Is one entitled to see in the responses of both parties mere attempts to reduce their respective states of cognitive dissonance? Third parties could be tempted to say yes and hence consider that the Pronukes' and Antinukes' positions are actually symmetrical. Such an attitude would apparently be justified as it would conveniently explain why the nuclear controversy has been inconclusive for so long.

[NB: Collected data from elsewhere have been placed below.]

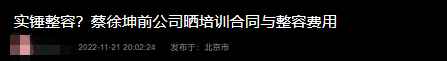 11月21日,娛樂圈又熱鬧了起來,除了汪小菲和大S的離婚風(fēng)波外,“蔡徐坤整容”這個詞條也迅速登上熱搜,引發(fā)網(wǎng)友熱議。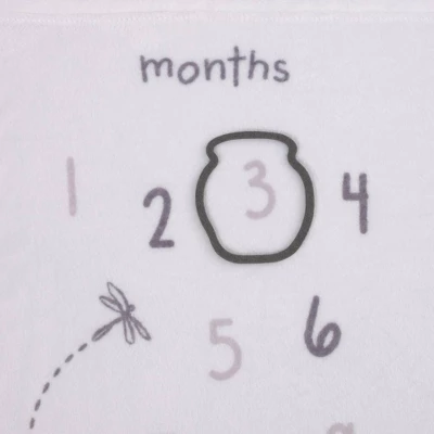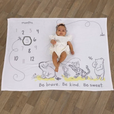 - The Classic Winnie the Pooh Milestone Baby Blanket features Winnie the Pooh, Tigger, Eeyore and Piglet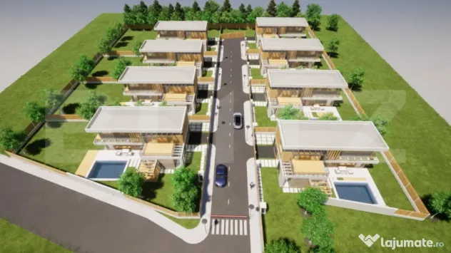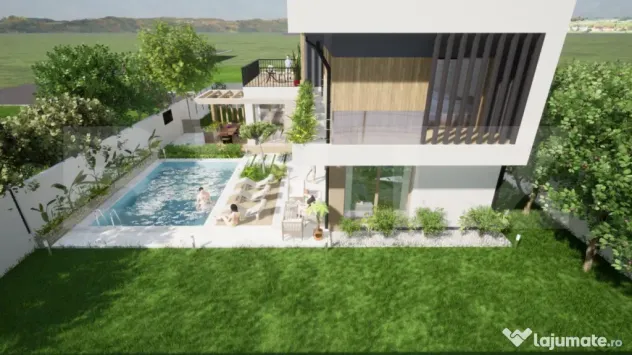 Propunem spre vânzare o vilă unifamilială într-un ansamblu rezidenţial exclusivist de 8 unități, certificare energetică NZEB, cu piscină privată și grădină amenajată, situată în Sânnicoara, la doar câteva minute de Aeroportul Internațional Cluj și 13 km de centru.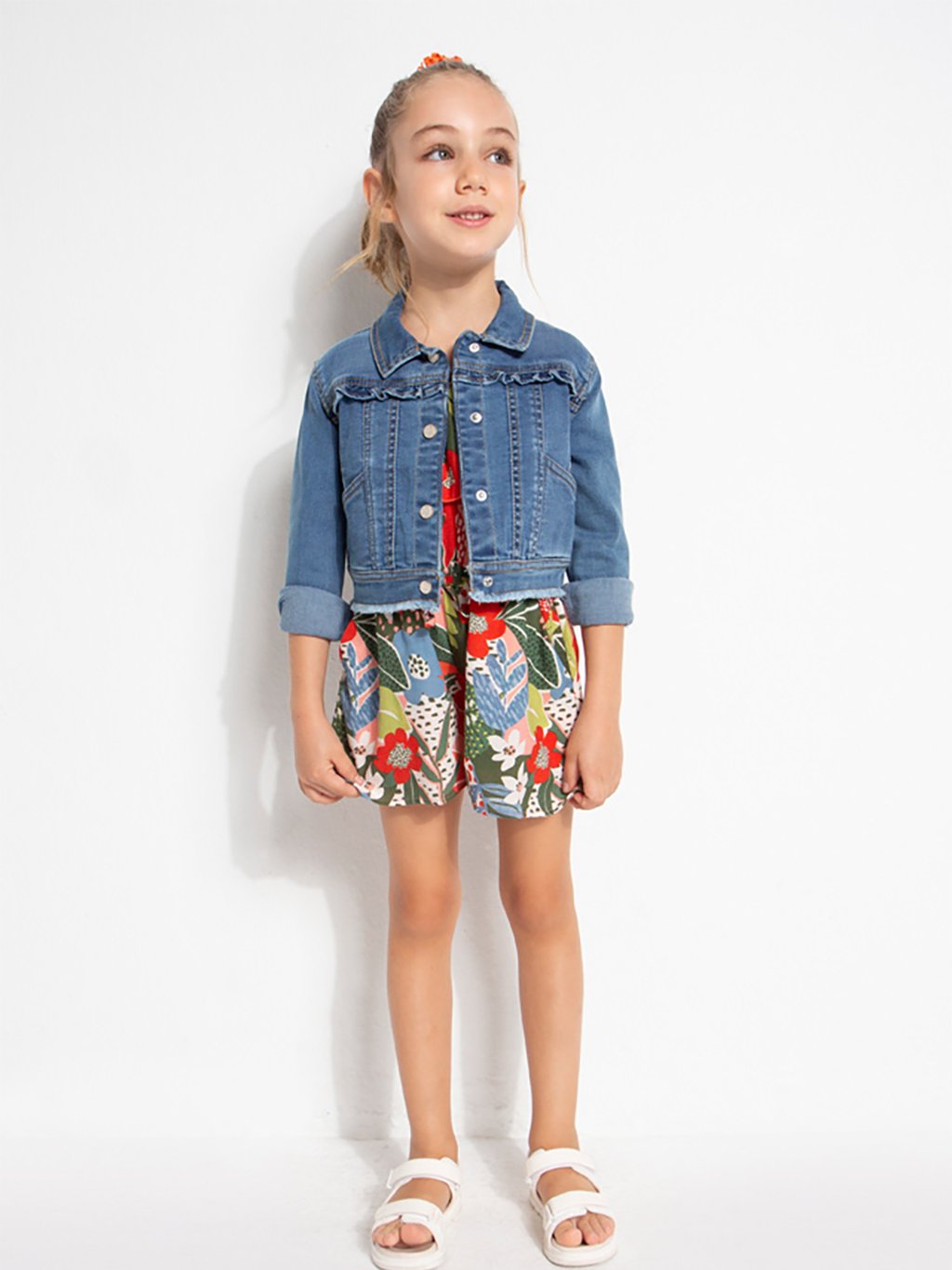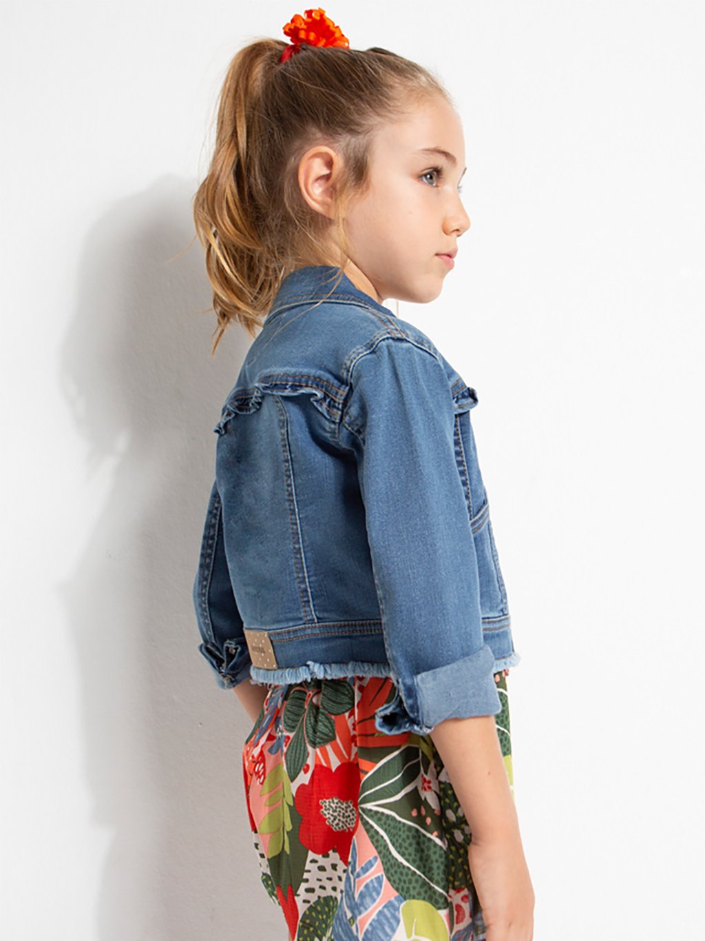 Dívčí bunda s dlouhým rukávem. Zapínání na knoflík na přední straně. Měkká strečová bavlněná tkanina. Boční kapsy.Doplňkové parametry

One additional consideration can help to clarify the issue raised above. When an individual (or a group) is faced with a discrepancy between theory and observations, two options are available. One can either adjust/reject the theory to take account of the new observations or question the validity of the said observations because they do not fit the theory. In principle, both options have some value; they are complementary and in their judicious use resides the essence of scientific progress. In practice, how have the Pronukes and Antinukes dealt with their respective problems? By and large, the Pronukes have adjusted their theories and the Antinukes have questioned the observations. To come back to the examples provided above,

  • TMI and Chernobyl were not simply explained away. TMI was followed by the implementation of post-TMI measures on all operating PWRs; Chernobyl elicited the creation of the World Association of Nuclear Operators (WANO) in order to leave no part of the world outside the reach of important safety information. These practical measures amount to recognising that the "theory" regarding the state of operational safety needed adjustments.


Three Mile Island


Chernobyl

  • Claiming that further research will highlight detrimental effects of low-level radiation boils down to simply questioning the observations available. Why do so if not because they do not fit the Antinukes' theory on low-level radiation?

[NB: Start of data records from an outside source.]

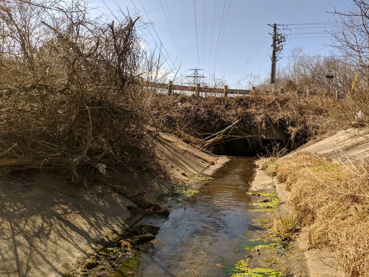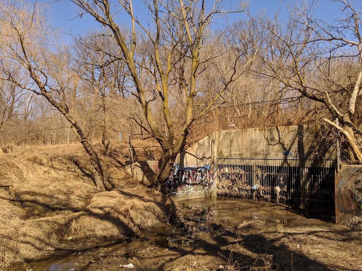Lavender Creek continues along the hydro corridor until Symes Road, where it ducks into another culvert. This one isn’t as long. The creek takes a 90° turn to the north, and punches under a couple old bridges to an adjacent industrial property.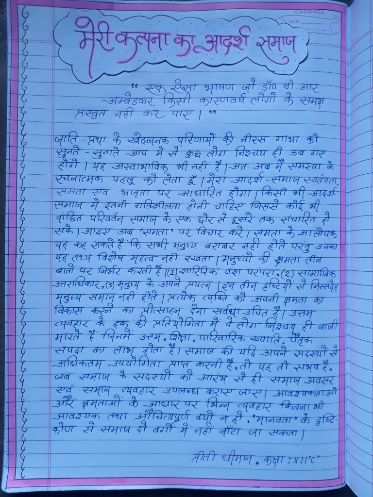 प्रार्थना सभा के अंत में प्रधानाचार्य श्री नवीन तनेजा तथा सुश्री रश्मि गोयल ने भीम राव अम्बेडकर जी के आदर्शों का वर्णन करते हुए उनके जीवन के महत्वपूर्ण तथ्यों की जानकारी विद्यार्थियों को प्रदान की।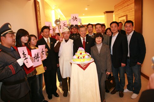 中午,陈万年等校领导与李昌钰博士及夫人一行共进午餐,当得知当天是李博士夫人宋妙娟女士的生日时,苞芦地餐厅的员工们特地为李博士夫人举行了一个小型而温馨的生日Party 仪式。

These two examples are typical of what the two parties usually do. On the one hand, the Pronukes adjust their theories most of the time through the implementation of practical measures; additional examples are Generation III reactors, the Generation IV project, the study of ageing mechanisms, etc. In one area at least, economics, the Pronukes' attack has been two-pronged: new reactor designs feature lower costs and the way costs are computed has evolved to take a fuller account of the externalities. On the other hand, the Antinukes systematically question the validity of figures or observations that do not support their basic tenets. They have done so regarding the economics of nuclear energy, uranium reserves, the amount of CO2 generated by nuclear power plants, the environmental impact of reprocessing. They have done so each time a quantitative assessment relating to nuclear energy was publicised. What should raise eyebrows is that they always manage to counter the assessments made by the Pronukes. No human being is right all the time. This is where the purported symmetry breaks down: the Pronukes demonstrate their human nature occasionally, while the Antinukes never go wrong.

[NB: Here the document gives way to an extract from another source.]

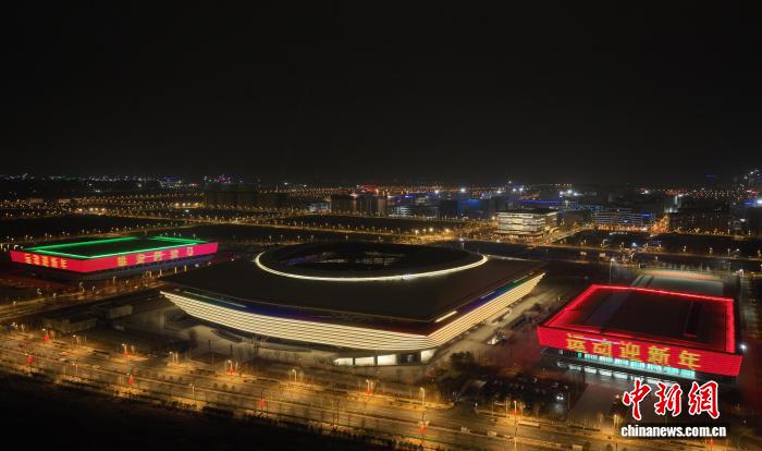 2月27日晚,雄安体育中心灯光璀璨。(无人机照片) 中新网记者 韩冰 摄

Oh, by the way, there's one thing I almost forgot to mention. The philosophy of knowledge has given names to the two approaches for dealing with discrepancies between theory and observations: adjusting theory to facts is called the critical approach and questioning the facts that do not support the theory is called the dogmatic approach.

1 This, by the way, is the reason why seasoned sales attendants will always endorse your choice whenever they notice that the decision was difficult.
2 See for instance the first chapter of Cognitive Dissonance: Progress on a Pivotal Theory in Social Psychology, edited by Eddie Harmon-Jones and Judson Mills, APA Books.
3 For risk compendia, see ENS NEWS issue no 2, autumn 2003.